Snow
- Author: Uri Shulevitz
- Illustrator: Uri Shulevitz
- Cover artist: Uri Shulevitz
- Language: English
- Genre: children's books picture books
- Publisher: Farrar, Straus and Giroux
- Publication date: 1998
- Publication place: United States
- Media type: Print
- Pages: 32
- ISBN: 9780374370923
- OCLC: 37594582

= Snow (picture book) =

1999 children's picture book by Uri Shulevitz

Snow is a children's picture book by Uri Shulevitz. It received a Caldecott Honor in 1999. It also won the Charlotte Zolotow Award in 1999.

==Description==
This book uses lively watercolor and pen-and-ink illustrations to show the transformation of the city as snow falls. The beginning pages use a dull and bleak palette. By the end of the book the previously dull city is covered in snow and looks magical and bright.

==Plot==
It is a dull and grey city until the first snowflakes start to fall.

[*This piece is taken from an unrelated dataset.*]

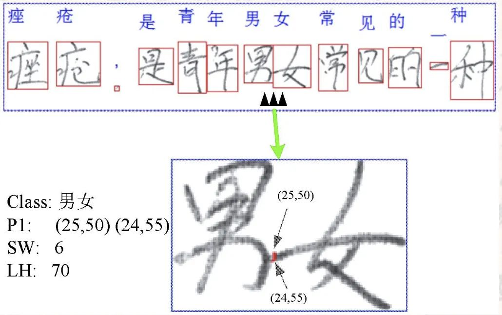 CASIA-HWDB-T:一个从中文手写数据库CASIA-HWDB收集的触摸字符数据库。所有接触的字符(或字符串)都用字符类别、接触点的位置以及字符串高度(LH)和平均笔划宽度(SW)等辅助值进行注释。

No one thinks those few flakes will amount to much except for a boy and his dog. He believes that it will snow, despite the numerous predictions from adults, the television, and the radio that it will not. As the snow begins to pile up, disgruntled adults rush home, leaving the boy and his dog to joyfully enjoy the snow.

==Themes==
The snow is a metaphor for "the faith young children possess in the face of an adult world lacking in vision and understanding."